File ~/miniconda3/envs/perses-paper4-dev/lib/python3.9/site-packages/perses/tests/utils.py:992, in validate_endstate_energies_point(input_htf, endstate, minimize)
    987 nonbonded_hybrid_values = [components_hybrid[key] for key in components_hybrid.keys()
    988                            if key not in bonded_keys_other_to_hybrid.values()]
    989 print(
    990     f"Nonbondeds -- og: {components_other['NonbondedForce']}, hybrid: {np.sum(nonbonded_hybrid_values)}"
    991 )
--> 992 assert np.isclose([components_other['NonbondedForce']], np.sum(nonbonded_hybrid_values))
    994 print(f"Success! Energies are equal at lambda {endstate}!")

AssertionError: 

I am raising this issue so that we can discuss this at the next dev sync. I'm not sure if we want to avoid running small molecule transformations with the RESTCapableHybridTopologyFactory in the future, or if we just want to make a note in the docstring of the class / in the tests that this is a known problem.
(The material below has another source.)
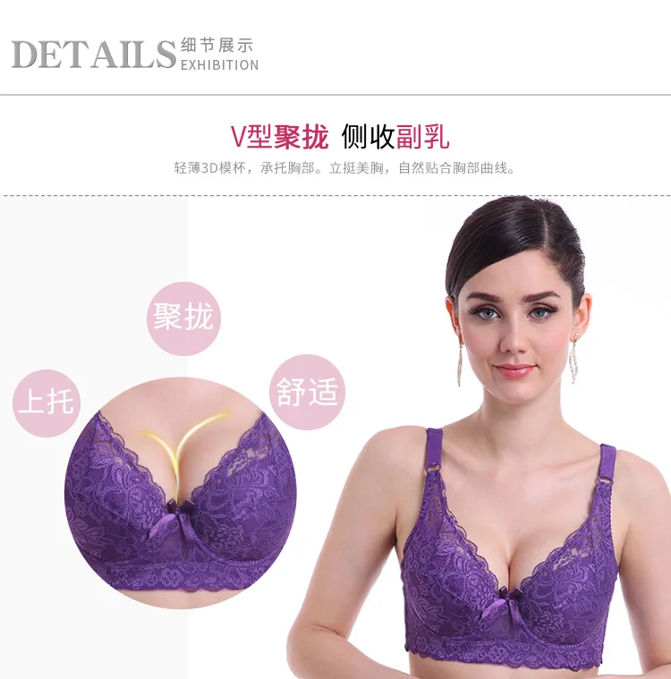 Наименование товара: сексуальный бюстгальтер с эффектом пуш-ап, женский кружевной бюстгальтер, бюстгальтер без косточек, нижнее белье с эффектом пуш-ап, женский бюстгальтер с подкладкой, нижнее белье, бюстгальтер 75-105CD Размер браслета: 34 = 75 36 = 80 38 = 85 40 = 90 42 = 95 44 = 100 46 = 105 Размер чашки: B C D Материал: полиэстер + хлопок + спандекс + нейлон + кружево Посылка: бюстгальтер * 1 Крючок и глаза: четыре Напоминание: этот бюстгальтер азиатского размера, пожалуйста, берите на один размер больше. Например, 36/80D в США, 38/85D для этого.

zhang-ivy commented 2 years ago

Note that Iván generated htfs using the vanilla HybridTopologyFactory for CCC->CCCC and the energy validation test yields the following results:

with dispersion correction off:

zero state error: 1.96084504011651e-05, one state error: 0.0005264199693243432

with dispersion correction on:

zero state error: -0.8331827929622193, one state error: -0.6370180463873197

so I think the dispersion correction energy discrepancy is likely a problem in the HybridTopologyFactory as well, since there are two forces handling steric interactions as well.

zhang-ivy commented 2 years ago

We discussed this at the perses dev sync 9/6/22 and we decided that we should keep this issue open to address this discrepancy in the future.